Personal information
- Full name: Maksim Vladimirovich Demenko
- Date of birth: 21 March 1976 (age 49)
- Place of birth: Krasnodar, Russian SFSR
- Height: 1.91 m (6 ft 3 in)
- Position(s): Midfielder

Senior career*
- Years: Team / Apps / (Gls)
- 1992–1993: Kuban Krasnodar / 30 / (2)
- 1993–1994: Dynamo Kyiv / 13 / (0)
- 1994: → Dynamo-2 Kyiv / 2 / (0)
- 1995–1998: Lada Togliatti / 110 / (9)
- 1998: Krylia Sovetov Samara / 13 / (1)
- 1999: Tsentr-R-Kavkaz Krasnodar (D4)
- 1999: Zhemchuzhina Sochi / 17 / (5)
- 2000–2001: Zenit Saint Petersburg / 44 / (10)
- 2000: → Zenit-d Saint Petersburg / 1 / (0)
- 2002: Rostselmash / 20 / (4)
- 2003: Spartak Moscow / 19 / (0)
- 2005–2008: FC Dynamo Krasnodar (D4)
- 2009–2010: Krasnodar / 45 / (12)
- 2010–2011: Zhemchuzhina-Sochi / 27 / (9)
- 2012: Chernomorets Novorossiysk / 10 / (1)

International career
- 1995: Russia U21 / 1 / (0)
- 2000: Russia / 2 / (0)

Managerial career
- 2013: Afips Afipsky
- 2016–2017: FC Sochi (director of sports)

= Maksim Demenko =

Russian footballer and manager

Maksim Vladimirovich Demenko (Максим Владимирович Деменко; born 21 March 1976) is a Russian football manager and a former player who played as a central midfielder.

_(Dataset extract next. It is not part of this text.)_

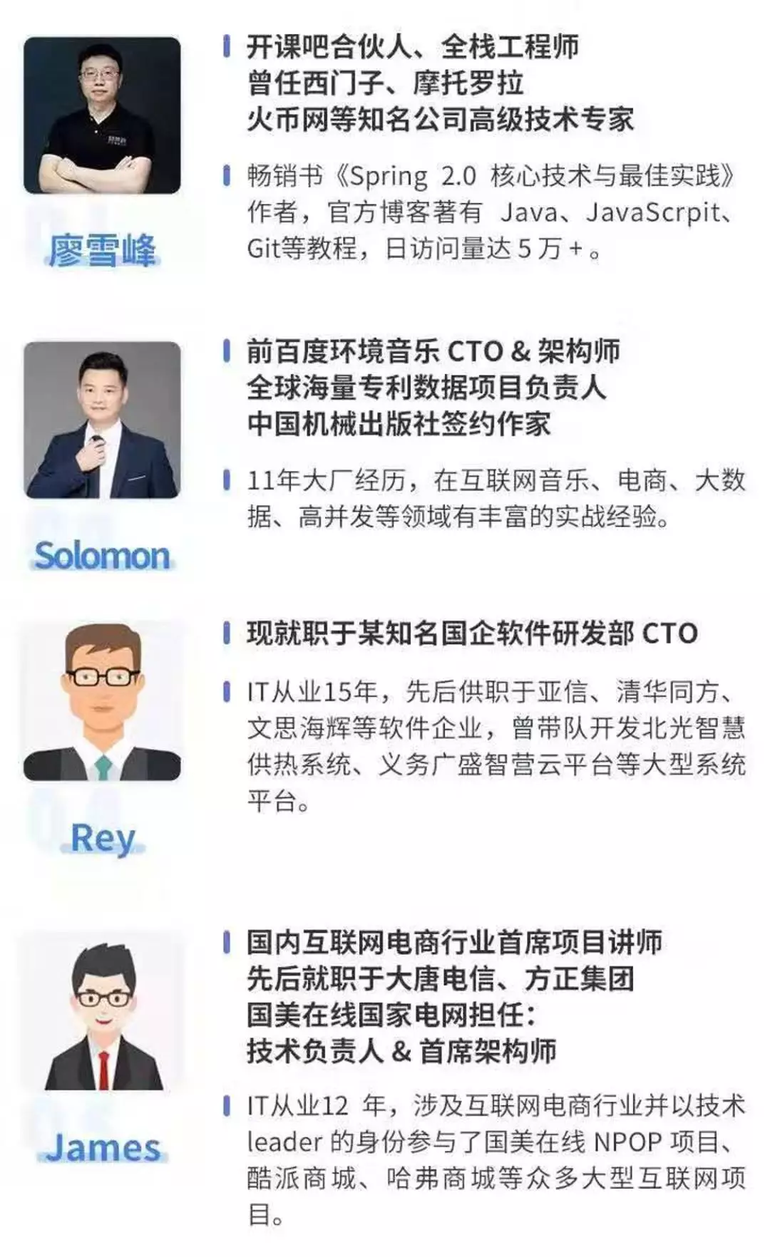 课程由廖雪峰老师亲自操刀,授课讲师均来自国内知名互联网企业并担任技术负责人,更有阿里 P9 级别的神秘大咖亲临授课,熟悉当前市场主流的技术方案和方法论。有了资深前辈的指导,可以加速个人的成长和提升。

He is one of six players who scored for six different teams in the Russian Premier League and the only player who had to take-over in goal when the goalkeeper was sent-off after all the substitutions have been made on two separate occasions (he allowed goals in both games, including a decisive goal for FC Anzhi Makhachkala against FC Zenit in 2000).

==Honours==
- Ukrainian Premier League winner: 1994
- Russian Cup winner: 2003

==International career==
Demenko has made his debut for Russia on 26 April 2000 in a friendly against the United States.